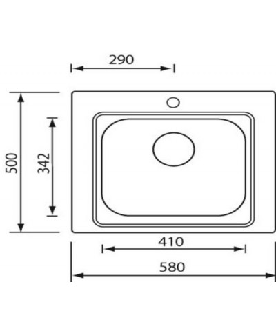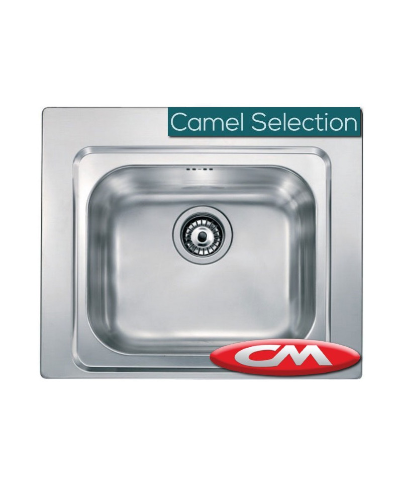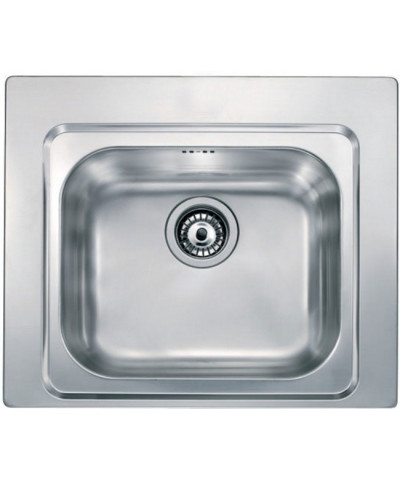 Lavello in acciaio inox AISI 304-18/10, satinato, vasca saldata, 58x50 cm, profondità vasca 18 cm, foro incasso 56x48 cm, base da 60 cm, piletta standard manuale da 3", guarnizione premontata.
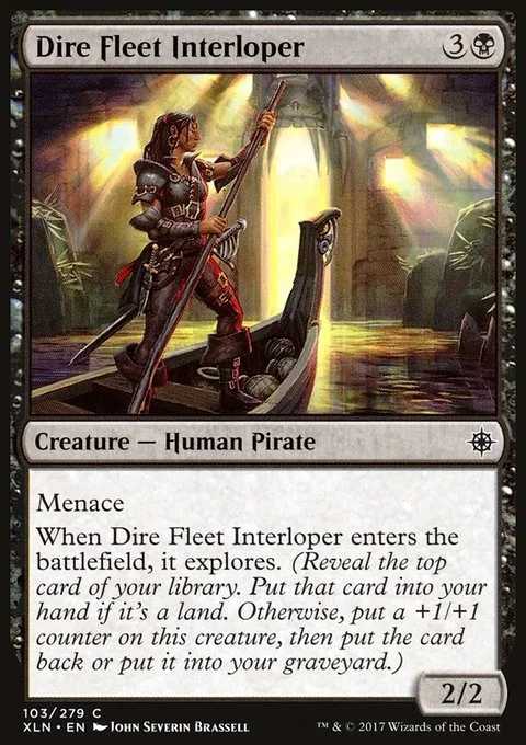 Menace When this creature enters, it explores. (Reveal the top card of your library. Put that card into your hand if it's a land. Otherwise, put a +1/+1 counter on this creature, then put the card back or put it into your graveyard.)
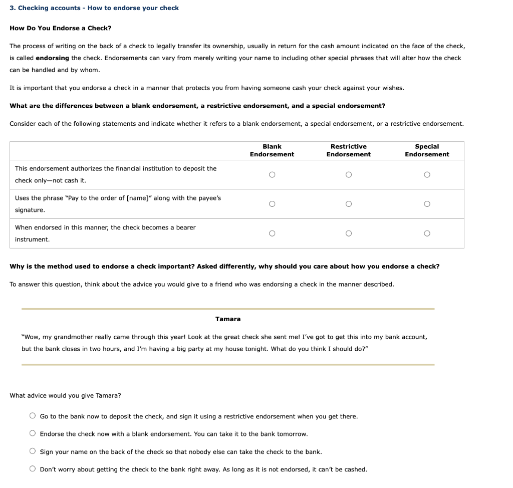 Solved 3 Checking accounts How to endorse your check How Chegg com
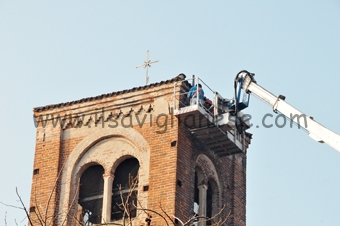 Cavallermaggiore. Dopo mesi di discussioni, martedì il nido delle cicogne che da qualche anno abitano sulla torre civica di Cavallermaggiore è stato spostato. Ai volatili è stato consegnato un nuovo alloggio “chiavi in mano” sul campanile del santuario. Ora potranno “andare liberamente in bagno” visto che lo spostamento è stato deciso per motivi igienici: dalla torre, i “bisognini” scendevano nel dehors di una pizzeria.Anche questi ultimi giorni sono stati caratterizzati dalle polemiche, con un batti e ribatti tra il sindaco e un gruppo di persone contrarie alla decisione. Servizi alle pagine 13 e 10.
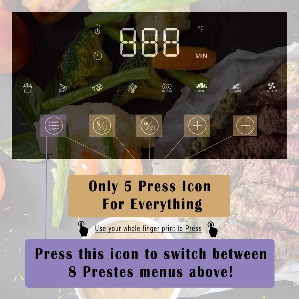 EIGHT PRESETS VERSATILE AND CUSTOMIZATION: This multi-functional elecric air frier comes equipped with 8 buttons, offering a variety of cooking options with Default Reference Temperature & Time: Four common kitchen foods and Four essential kitchen functions; With adjustable time and temperature settings, you can customize your own recipes. This feature allows you to experiment with different cooking techniques to create your own culinary food and share the joy with your family.
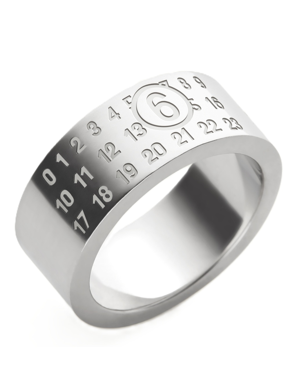 This cylindrical ring features a clean, round surface and a polished finish. Engraved with the MM6 numeric signature, it catches the eye while maintaining a understated presence.
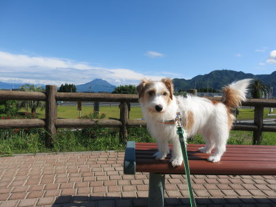 市内に到着して、お土産を買いに「山形屋」へ。パパッと買い物をして車に戻り、駐車場の上の公園でアポロのお散歩。お散歩中にあちこちから何台もの消防車がやって来た。向かってる方向を見ても煙は上がっていない。なんだか良くわからないけど辺りは大騒ぎ。
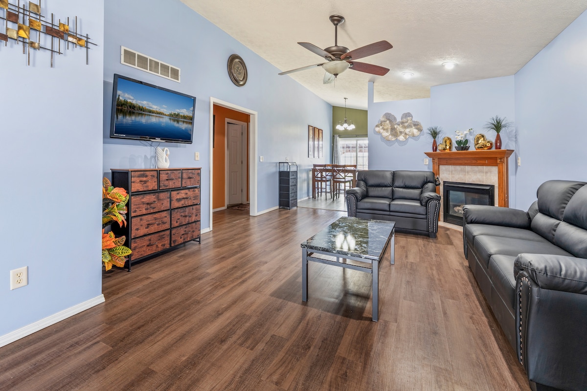 Forget your worries in this spacious and serene space. With plenty of unique spaces to relax or work, Holiday Haven is perfect for your weekend getaway or long work trip! Two huge bedrooms each with their own full bath and king bed provide you with ample space and privacy. The plush couch is perfect for lounging or a sleep space for your 5th and/or 6th guest! You are also close to favorite local restaurants and across the street from a quiet park and country club, perfect for a peaceful walk!
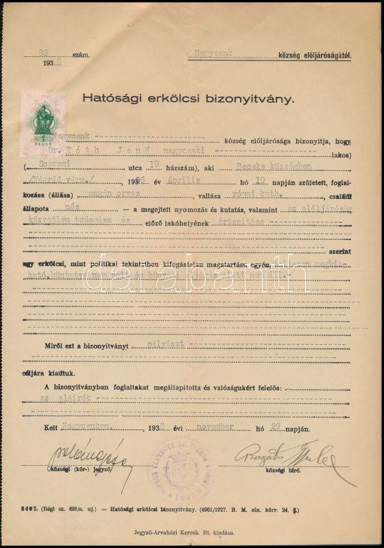 Leírás: 1938 Nagycenk, hatósági erkölcsi bizonyítvány

INSTRUCTIONS TO FOLLOW -
Leave the pictures out and write out every entry exactly as given.

PROBLEM SOLUTION -
 Lavello in acciaio inox AISI 304-18/10, satinato, vasca saldata, 58x50 cm, profondità vasca 18 cm, foro incasso 56x48 cm, base da 60 cm, piletta standard manuale da 3", guarnizione premontata.
 Menace When this creature enters, it explores. (Reveal the top card of your library. Put that card into your hand if it's a land. Otherwise, put a +1/+1 counter on this creature, then put the card back or put it into your graveyard.)
 Solved 3 Checking accounts How to endorse your check How Chegg com
 Cavallermaggiore. Dopo mesi di discussioni, martedì il nido delle cicogne che da qualche anno abitano sulla torre civica di Cavallermaggiore è stato spostato. Ai volatili è stato consegnato un nuovo alloggio “chiavi in mano” sul campanile del santuario. Ora potranno “andare liberamente in bagno” visto che lo spostamento è stato deciso per motivi igienici: dalla torre, i “bisognini” scendevano nel dehors di una pizzeria.Anche questi ultimi giorni sono stati caratterizzati dalle polemiche, con un batti e ribatti tra il sindaco e un gruppo di persone contrarie alla decisione. Servizi alle pagine 13 e 10.
 EIGHT PRESETS VERSATILE AND CUSTOMIZATION: This multi-functional elecric air frier comes equipped with 8 buttons, offering a variety of cooking options with Default Reference Temperature & Time: Four common kitchen foods and Four essential kitchen functions; With adjustable time and temperature settings, you can customize your own recipes. This feature allows you to experiment with different cooking techniques to create your own culinary food and share the joy with your family.
 This cylindrical ring features a clean, round surface and a polished finish. Engraved with the MM6 numeric signature, it catches the eye while maintaining a understated presence.
 市内に到着して、お土産を買いに「山形屋」へ。パパッと買い物をして車に戻り、駐車場の上の公園でアポロのお散歩。お散歩中にあちこちから何台もの消防車がやって来た。向かってる方向を見ても煙は上がっていない。なんだか良くわからないけど辺りは大騒ぎ。
 Forget your worries in this spacious and serene space. With plenty of unique spaces to relax or work, Holiday Haven is perfect for your weekend getaway or long work trip! Two huge bedrooms each with their own full bath and king bed provide you with ample space and privacy. The plush couch is perfect for lounging or a sleep space for your 5th and/or 6th guest! You are also close to favorite local restaurants and across the street from a quiet park and country club, perfect for a peaceful walk!
 Leírás: 1938 Nagycenk, hatósági erkölcsi bizonyítvány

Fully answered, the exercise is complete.